[Page 60].—l. 5. Que aquel; equivalent to Que á aquel.

[ANÓNIMO]. A wide-spread conceit, given Spanish form in this poem. Cf. C. M. de Vasconcellos, Antología Española (Leipzig, 1875), I, 53.

POESÍAS DE LOS SIGLOS XVI-XVII

[JUAN DEL ENCINA]. A member of the household of the Duke of Alba, whence he passed over into Italy. There he became master of the papal choir; he then took orders and went to Jerusalem. He is supposed to have died at Salamanca. Of his lyrics, which belong to his earlier period, the more important have been published by Menéndez y Pelayo, Antología, IV, 135 ff. His eclogues were, perhaps, the first Spanish dramas actually staged. Cf. F. Wolf, Studien, etc., pp. 270 ff.

[Page 64].—l. 14. mancilla: here used in the older sense of pity, compassion.

[PEDRO MANUEL DE URREA]. This noble published his lyrics in 1513 in a volume dedicated to his mother. They are partly secular and partly religious in nature, and show some Italian influence. Urrea also cultivates popular Spanish forms. His Cancionero has been reprinted in the Biblioteca de escritores aragoneses. Secc. lit. II (1876). Cf. the verse translation of this romance in Ticknor, I, 371.

[GIL VICENTE]. A Portuguese disciple of Encina’s, who wrote dramas in both Portuguese and Spanish. The present song occurs in his play, El auto de la Sibila Casandra. See the edition of his works, Hamburg, 1834, and cf. Ticknor, I, 259, where there is a metrical translation of the song.

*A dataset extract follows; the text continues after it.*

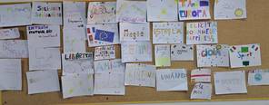Les élèves de 6ème 3/4 et 5 ont choisi de célébrer la journée européenne des langues par un affichage multilingue dans leur salle d'anglais.

[JUAN BOSCÁN ALMOGAVER]. A Catalonian who wrote in Castilian with great success. He served in the Spanish army in Italy, and was later a tutor to the Duke of Alba. His earlier verses are in the national manner. Prompted, it is said, by the Venetian ambassador Navagiero, he became an Italianate, and, following the 357 lead of Imperial and Santillana, was much more influential than they in establishing Italian verse methods in Castilian. He has made a large use of the hendecasyllable, the verso suelto or blank verse (imitated from the Italian versi sciolti), the ottava rima and the sonnet, and has frequently imitated Dante, Petrarch, and the cinque cento poets of Italy. Among his more important poetical works are the Hero y Leandro and the Octava rima, this latter being an allegorical poem from which the verses on [p. 68 ff.] are an excerpt. The influence of the Italian poet Bembo is clear in the Octava rima. In his translation of Castiglione’s Cortegiano, Boscán showed a mastery of Castilian prose. Cf. W. T. Knapp, Las obras de Juan Boscán, Madrid, 1875, and G. Baist, Spanische Literatur (Gröber’s Grundriss, II, 2, 449 ff.).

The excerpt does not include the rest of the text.